Norman C. Raff and Frank R. Gammon were two American businessmen who were known for distributing and promoting some of the Edison Studio films, and founding their own business, which was called The Kinetoscope Company.

== History ==

"Bucking Broncho", a film promoted by Raff & Gammon.

=== Kinetoscope company ===
In August 1894, Raff & Gammon earned rights to start selling Kinetoscopes. One of their employees, Alfred Clark, made the company more popular by making new movies.
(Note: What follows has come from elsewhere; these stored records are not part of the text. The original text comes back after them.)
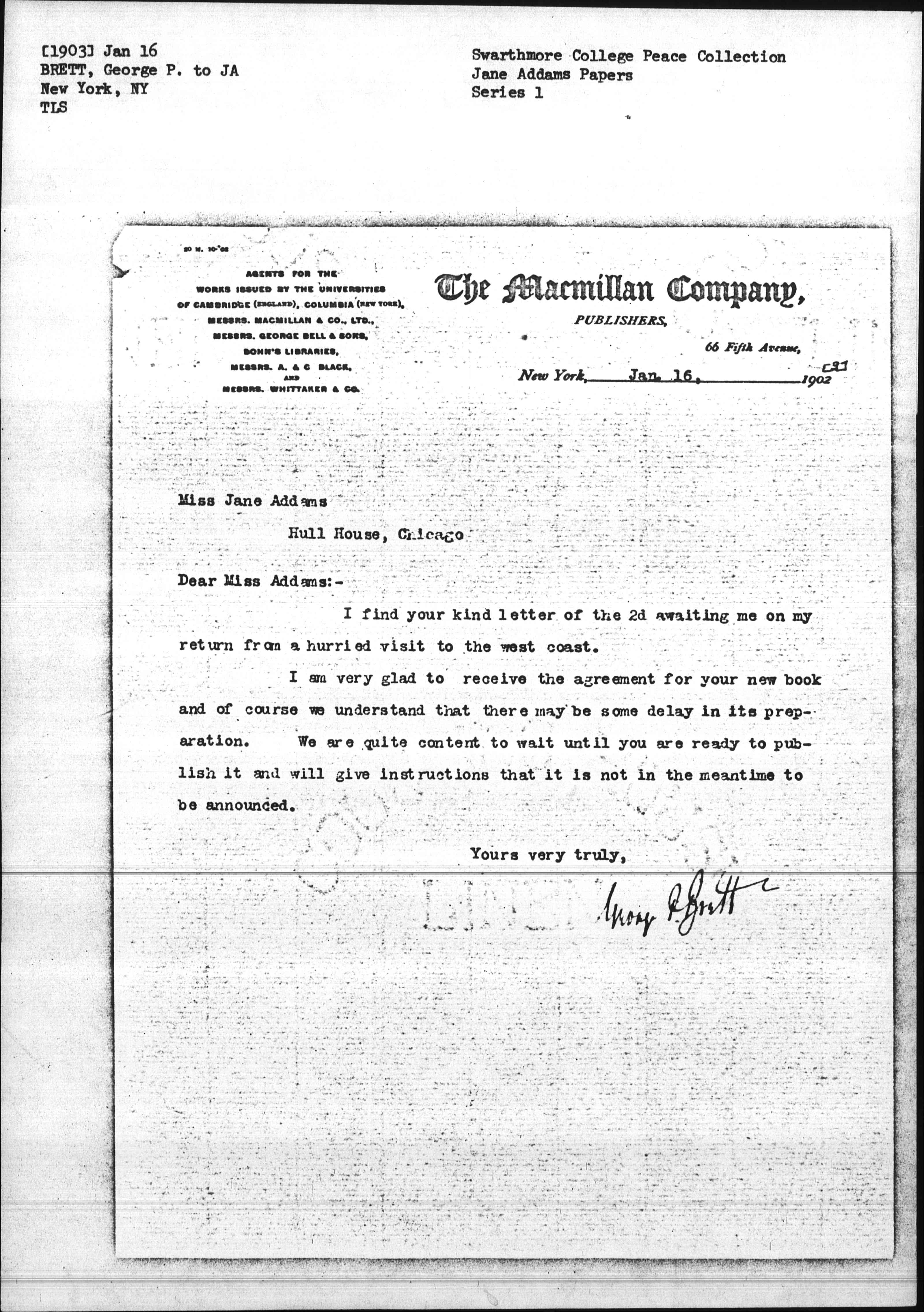I am very glad to receive the agreement for your new book and of course we understand that there may be some delay in its preparation. We are quite content to wait until you are ready to publish it and will give instructions that it is not in the meantime to be announced.
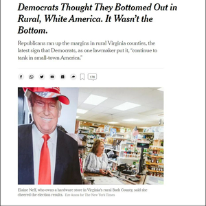 民主党人经常把他们的精力集中在摇摆不定的城市郊区和选民较多的城市,长期忽略倾向保守的白人农村社区。随着弗吉尼亚的选举失败,而民主党如今担心,情况可能会更糟,共和党人可能已经拥有了美国农村地区的铁票仓。
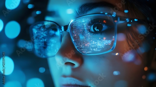 A woman wearing AR glasses interacts with holographic data, symbolizing augmented reality, AI, smart wearables, digital evolution, and futuristic technology.
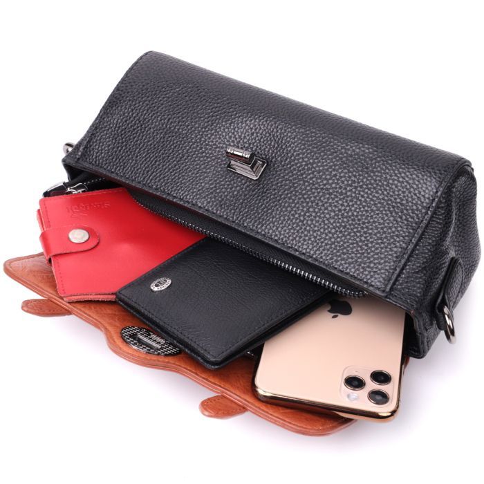 Сумка Vintage Жіноча у вінтажному стилі з натуральної шкіри Чорна (22349)
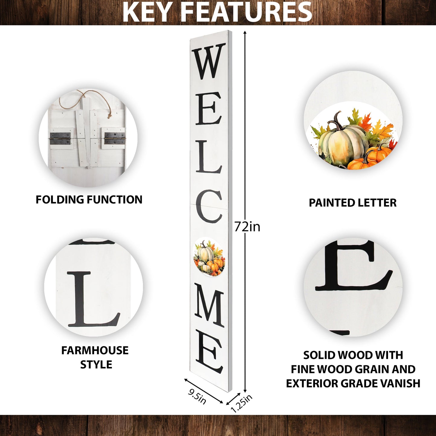 72" Farmhouse Fall Welcome Porch Sign - Rustic Autumn Outdoor Decor
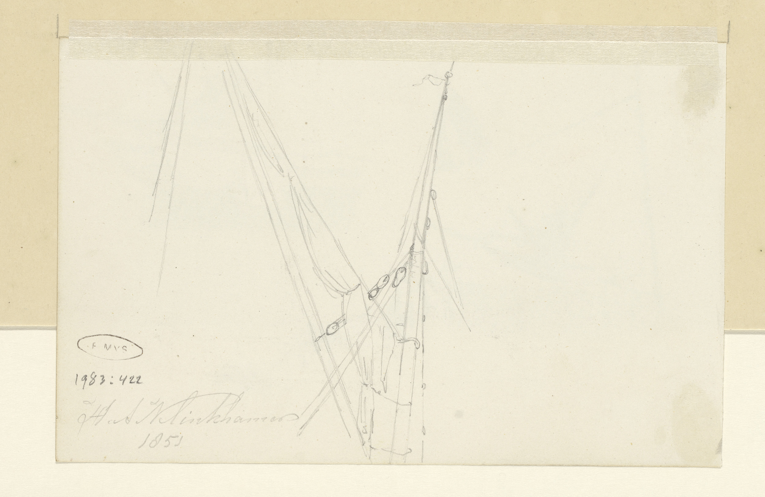 Studieblad met masten en zeilen

In 1895, the Kinetoscope started to fade and became less popular with new film technology being created. In 1896, C. Francis Jenkins and Thomas Armat invented the Phantoscope. They showed the Phantoscope to Raff & Gammon, who were interested in it, so they agreed for the rights to the Phantoscope. They later showed this to the Thomas Edison Manufacturing Company, who started manufacturing the machine with permission. They then renamed the machine "The Edison Vitascope". They founded the Kinetoscope company (which was later renamed "Raff & Gammon") for exclusive rights for different territories and nations.

==== Fall ====
The company began to fall in October 1896, when consumers began purchasing high-quality technology similar to the Phantoscope, and more customers purchased those instead. More specifically, the American Mutoscope Company (better known as the Biograph Company), had produced a new motion picture system, which used more surface area than the Phantoscope. Shortly afterwards, the Biograph became more successful, and Raff & Gammon collapsed by the end of 1897. The rights to the vitascope was bought by George W. Llewellyn shortly before the company ended.

== Filmography ==
Source:

- The Pickaninnies (1894)
- Barber Shop (1895)
- The Kiss (1896)

==Archives and records==
- Raff and Gammon records at Baker Library Special Collections, Harvard Business School.